Milliyetçilikle memleket sevgisi veya yurtseverlik birbirine benzemez. Yurtseverlik yurdunu tutkuyla sevme işidir ama gerçekçi ve adaletli olmak zorundadır. Ülke dediğin futbol takımı değil ki “en büyük” dediğinde en büyük olsun! Yaşadığı mahalleyi, kenti ve ülkeyi sevmekle, başka ülkelerle kıyaslamak, üstünlük kurmak veya diğerlerini fethetmeyi düşünmek arasında ince ama aşılmaması gereken bir çizgi var.

***

İnsanlığın zihinsel evriminin bir sonraki durağı ise evrenselliktir. Evrensellik savaş ve ırkçılık karşıtıdır. ABD’nin Vietnam işgalinde, ülkesini protesto eden çiçek çocuklardan yana olmamız bu zihinsel evrimin bir sonucudur.

Çevre hareketi evrensellikten beslenir çünkü doğanın sınırları veya pasaportu yok. Bugün Kanada’da yanan ormanlar New York’u duman altında bırakır, kutuplardaki buzullar eridikçe tüm dünyada deniz seviyesi yükselir. Çevre koruma hareketleri bu yüzden milliyetsizdir ama pratik nedenlerden dolayı yaşadığımız yerlerle bağlı ve sınırlıdır. Çünkü işe evimizden başlarız, herkes evinin önünü süpürürse dünyayı kurtaracağını bilir.

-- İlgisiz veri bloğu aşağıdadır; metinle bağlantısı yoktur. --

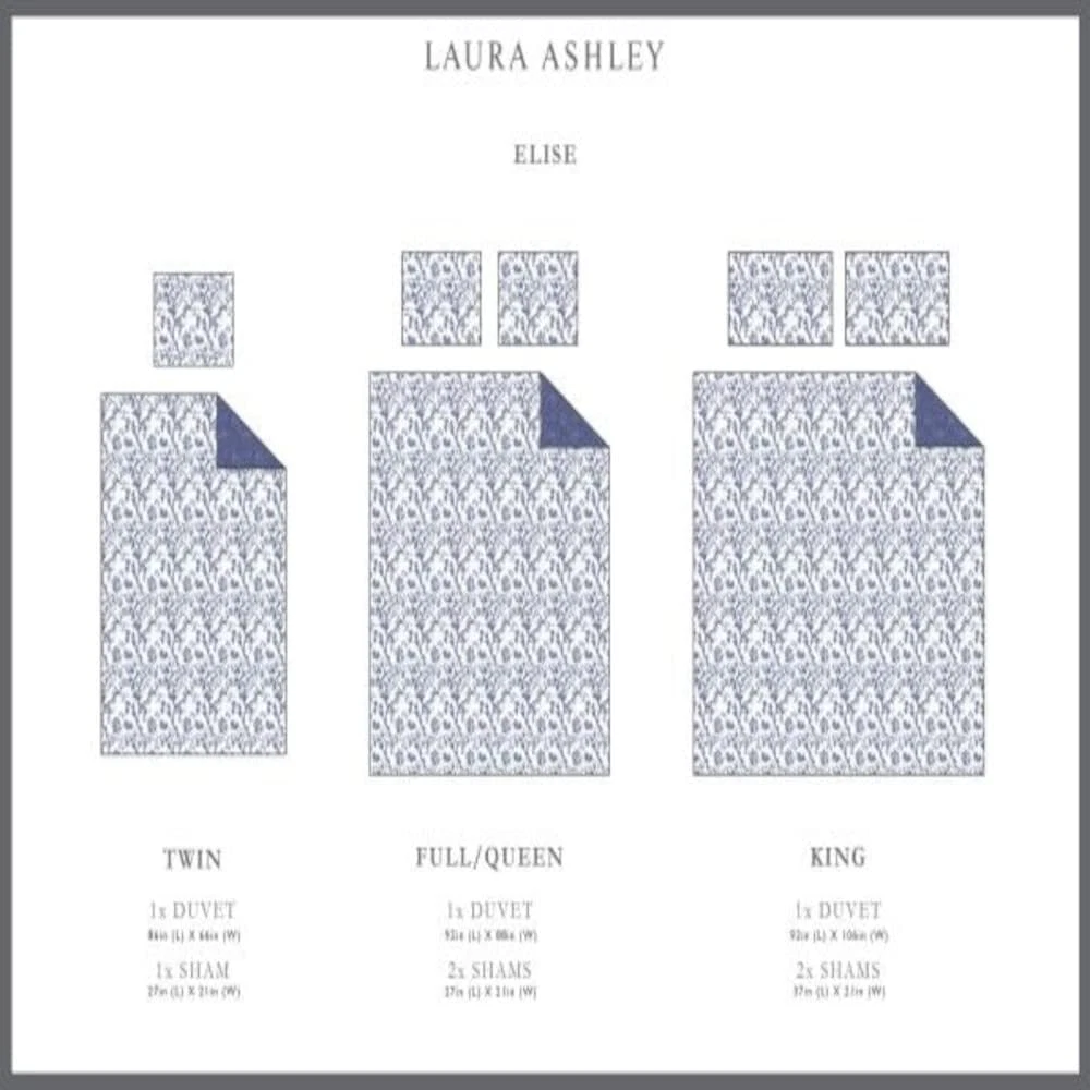 Store New Arrivals Add to Favorite View Feedback Contact Home Elise Duvet Cover Set, Full/Queen, Medium Blue Description Item model number USHSFN1064194 Style Cottage Assembly required No Pattern Floral Country of Origin China Theme Floral Department unisex-adult Cartoon Character Floral Number of Pieces 3 Unit Count 1.0 Count Batteries required No Pillowcase Quantity 2 Material Cotton Age Range (Description) Adult Seasons All Included Components One duvet cover and two shams Closure Type Duvet cover features button closure and inner ties Item dimensions L x W x H 10 x 8 x 5 inches Item Weight 3.19 pounds Sham Quantity 2 Special Feature Reversible Color Medium Blue Global Trade Identification Number 00883893565005 Product Dimensions 10 x 8 x 5 inches Product Care Instructions Machine Wash Size Full/Queen INCLUDES: (1) full/queen duvet cover, (2) matching pillow shams MATERIAL: 100% Cotton FEATURES: Reversible to a coordinating pattern allowing for two different looks. Duvet cover features button closure, and includes inside ties to hold the comforter in place DIMENSIONS: Duvet Cover: 92" x 88" Shams: 20" x 26" CARE INSTRUCTIONS: Machine washable for easy care. Machine wash cold, separately. Delicate cycle. Tumble dry low. Do not bleach. Do not iron. Do not dry clean. Blue and white porcelain has inspired beautiful floral textiles throughout history and its timeless appeal always looks fresh and in style. This striking floral vine pattern on a crisp white cotton ground is highlighted by a dramatic, deep blue floral mini print on the duvet cover reverse. This beautiful bedding set is 100Percent cotton and machine washable for easy care. Duvet cover features button closure with inner ties. Twin duvet cover set includes one duvet cover (86"x66") and one sham (21"x27"). Full/Queen duvet cover set includes one duvet cover (92"x88") and two shams (21"x27"). king duvet cover set includes one duvet cover (92"x106") and two shams (21"x37"). ABOUT US We offer the best prices around on high quality products. Our E-store includes media such as books, movies, music and games while offering electronics, toys, sporting apparel, clothing, tools, general home, garden items and more. SHIPPING We are always working hard to ensure your package arrives as soon as possible. Please understand that some factors like weather, high postal traffic, and the performance of shipping companies are outside of our control. We offer free shipping to the lower 48 states and ship within 2 business days of payment, usually sooner. We do not accept P.O. Boxes. Please provide a physical address. For shipping outside of the continental USA, we only use eBay's Global Shipping Program.The item is shipped to KY and then sent to the rest of the world. International customers are responsible for all duties and taxes. Continue to check out in order to calculate costs for shipping the item to your country. Messages regarding eBay's Global Shipping Program MUST be directed at eBay EXCLUSIVELY. RETURNS We offer a 30-Day Return Policy on items which you are not completely satisfied with. You have the option for a full-refund or an exchange of the item. No returns are available on items shipped outside of the USA. PAYMENT We accept PayPal. CONTACT US This page content is yet to come Please ad us to your favorite seller and visit again later Thank You CUSTOMER SATISFACTION We try our very best to make sure every customer is completely satisfied. If there's a problem, message us! We're happy to help. WE ACCEPT Copyright © 2021 AutoDS. | All Rights Reserved

Çevre koruma bu üç farklı siyasi kavramı zaman zaman buluşturmuştur. İzninizle bir anımı paylaşayım. Yıl 1995, Mersin’den Akkuyu’ya geri geri yürüyorum, yolun ortalarında çekine çekine yanıma gelen birkaç genç, 18 günlük yürüyüşümü bitirmeyi amaçladığım nükleer karşıtı şenliğe biz de katılabilir miyiz diye bana sormuştu. “Nükleere hayır diyorsanız, elbette” dedim. Ülkü Ocakları temsilcileriydiler. O yıl eyleme kalabalık bir grup halinde geldiler. Birçok farklı grupla birlikte Akkuyu’yu kurtarmak için birlikte yürüdüler. Kimi dünyayı kimi yaşadığı köyü korumaya çalışıyordu. Kutuplaşma bu gibi etkileşimleri de azalttı, dolayısıyla zihinsel evrim sürecini de sekteye uğrattı.

***

İnsanların sağlığını tehdit eden, Türkiye’nin havasını kirleten termik santrallara karşı, iktidarı destekleyen ve kendini milliyetçi diye tanımlayanlardan ciddi bir itiraz duymadık. Memleketin kıyılarının geri döndürülemeyecek şekilde tahrip edilmesine de gerek MHP gerekse AKP içindeki milliyetçiler sessiz kaldı. Orman yangınlarından sonra en çok duyduğumuz, “PKK yaktı” iddiası bile ağaçları sahiplenmekten çok yangınlar üzerinden bildik nefret söylemini tekrar eden bir eylem çağrısıydı aslında.

Türkiye’de nefret etmenin, sevmenin ve sahiplenmenin ötesine geçmesi bu döneme mahsus bir durum değil ne yazık ki. Bergama altın madeni meselesinde ülkenin en değerli tarım arazileri tehlikeli bir madencilik faaliyetine açılırken, bu ülkedeki birçok milliyetçi ve “yurtsever”, köylüleri Alman ajanı yapan hikâyeyi, toprağını siyanüre bulaştırmamak isteyen köylülerin hikayesinden daha çekici bulmuştu. Hatırlayın.

MHP’nin Akkuyu’nun Rus devlet şirketlerine verilmesi, yabancı maden şirketlerinin memlekette toprakları kirletme pahasına madencilik faaliyetlerinde bulunmasına dair itirazları iktidar ortağı olana kadardı. Milliyetçilerin ülkenin topraklarına sahip çıkması için nükleer santralı Suriyeli göçmenlerin işletmesi, Erzincan’da siyanürü toprağa Kanadalı şirketin değil de Kürtlerin sızdırması gerekiyor herhalde.

***

Sahip çıkma ve koruma, bilmekle başlar. Siz denize girdiğiniz sahili korur kirletmezseniz, tatile gelen yabancılar da kirletemez. Kentinizin yanındaki doğal alanları tanırsanız, korumaya da başlarsınız. Ne gariptir ki milliyetçi oyların en yüksek olduğu Karadeniz, madenlerden HES’lere, Karadeniz Sahil Yolu’ndan Yeşil Yol’a kadar onlarca doğa katliamına sahne oldu. Bu kayıplara sessiz kalanlara şimdi biz milliyetçi veya yurtsever diyebilir miyiz? Yurt sevgisi bayrak ve marşlara hapsedilince ülkenin doğasının geldiği bugünkü duruma da şaşırmamak gerek.